[Task objective] Could you set down the lines from the first line of the entries below through the line with "克拉恋人 床单三件套(被套1件床单1件枕套1件)(适合1.2米床)【纯棉/绿】 |", exactly and with no pictures?

____ Records provided

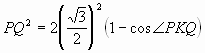 cos∠PKQ = cos(3∠DKQ) = 4·1/27 – 3·1/3 = – 27/3. Из треугольника PKQ
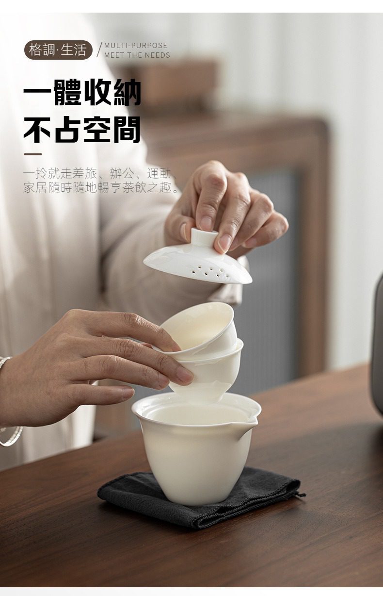白瓷雲樸旅行茶具組選用高品質材質,耐用易清潔,造型考究且穩定更加有序整潔,增添生活儀式感與格調,滿足自用、送禮與收藏需求。白瓷雲樸旅行茶具組皆嚴選材質與職人工藝,展現實用性與審美兼具的體驗。即日起滿三件享9折、五件享85折,立即選購,為生活添上南山居的儀式感。
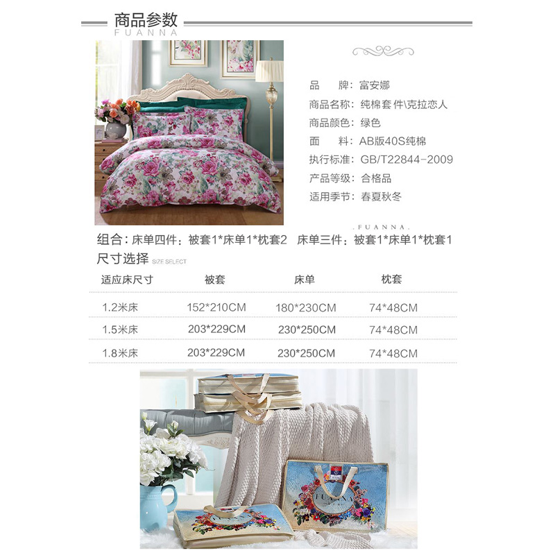 克拉恋人 床单三件套(被套1件床单1件枕套1件)(适合1.2米床)【纯棉/绿】 |
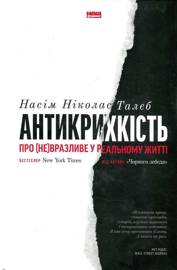 А от по «Антикрихкості» видно, що Талеб провів сяку-таку роботу над помилками (або редактори його змусили). В цій книзі вже набагато менше води і того, що автор вважає гумором. ЇЇ можна читати і без «Чорного лебедя», це самостійний твір, хоч і є за словами Талеба підсумком всіх його праць. Якщо ви до того нічого з автора не читали, це не завадить повністю осягнути текст. «Антикрихкість» написана цікаво і легко – десь на золотій серединці між цифрами і термінами, і «легким чтивом». Не скажу, що вона переверне ваше життя, але точно запустить мізки, змусить поглянути на багато речей під іншим кутом і дізнатися про опосередковано згадані в книзі ідеї більше.
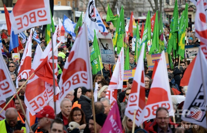 極右政党の支持による選挙勝利に抗議、ドイツで1万8000人がデモ
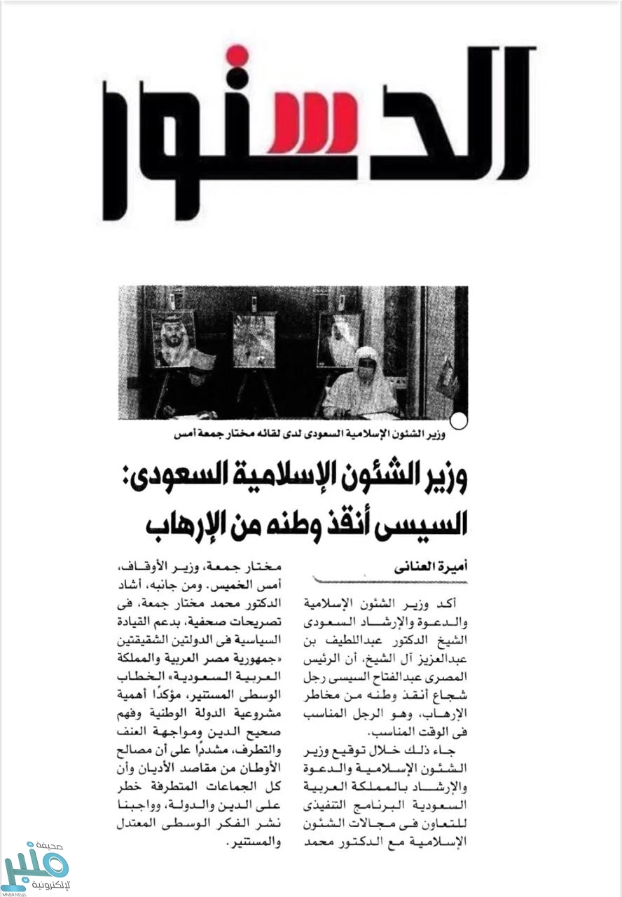وأبرزت الصحف المصرية تصريحات وزير الأوقاف المصري وإشادته بالعلاقات المصرية – السعودية، حيث أعرب عن تقديره الكبير لخادم الحرمين الشريفين الملك سلمان بن عبد العزيز آل سعود، وسمو ولي عهده الأمين -حفظهما الله- على جهودهما في خدمة قضايا الأمة وخدمة الحرمين الشريفين، كما وصف التطوير الذي تنفذه وزارة الشؤون الإسلامية السعودية والتصدي للجماعات المتطرفة وتخليص المنابر الدعوية منها بقيادة الوزير الدكتور “عبداللطيف آل الشيخ” بالكبير والشجاع والذي سيقف له التاريخ.
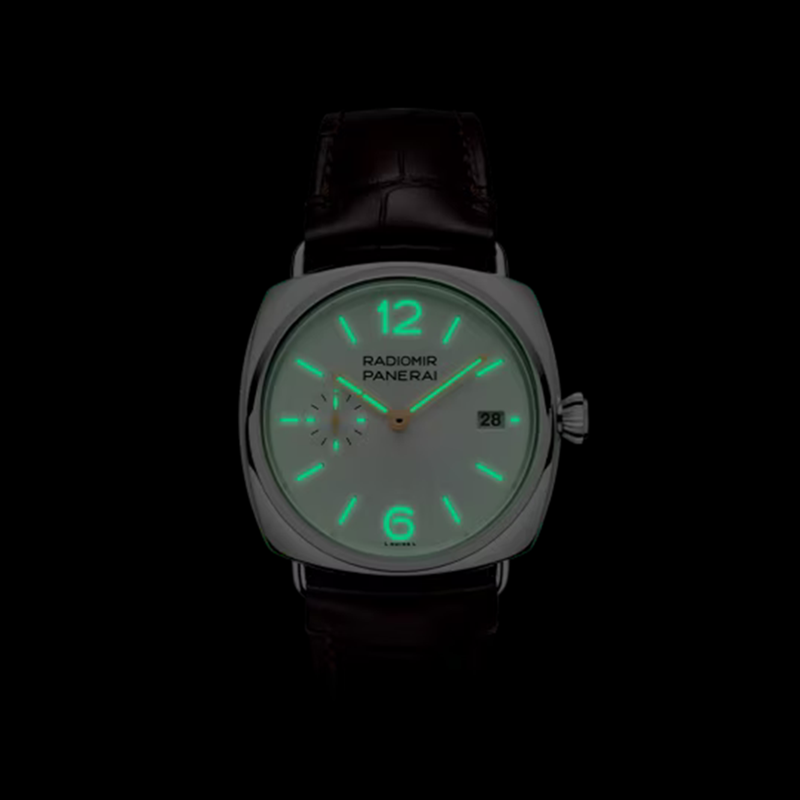 镜面材质 | 蓝宝石水晶玻璃 | 表盘 | 抛光精钢表壳 白色表盘,附阿拉伯数字及夜光圆点。3点钟位置设日期显示,9点钟位置设蓝色小秒针小秒盘。 磨砂精钢表冠护桥(沛纳海专利) |
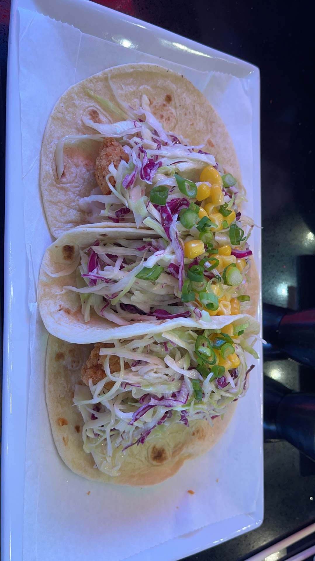The shrimp tacos were pretty good, but shrimp was absolutely the freezer kind you thaw, not fresh. Was very bland and has that bad after taste of a frozen cooked shrimp. The corn and cabbage were fresh, and sauce very good.

________

[Task result]
 cos∠PKQ = cos(3∠DKQ) = 4·1/27 – 3·1/3 = – 27/3. Из треугольника PKQ
白瓷雲樸旅行茶具組選用高品質材質,耐用易清潔,造型考究且穩定更加有序整潔,增添生活儀式感與格調,滿足自用、送禮與收藏需求。白瓷雲樸旅行茶具組皆嚴選材質與職人工藝,展現實用性與審美兼具的體驗。即日起滿三件享9折、五件享85折,立即選購,為生活添上南山居的儀式感。
 克拉恋人 床单三件套(被套1件床单1件枕套1件)(适合1.2米床)【纯棉/绿】 |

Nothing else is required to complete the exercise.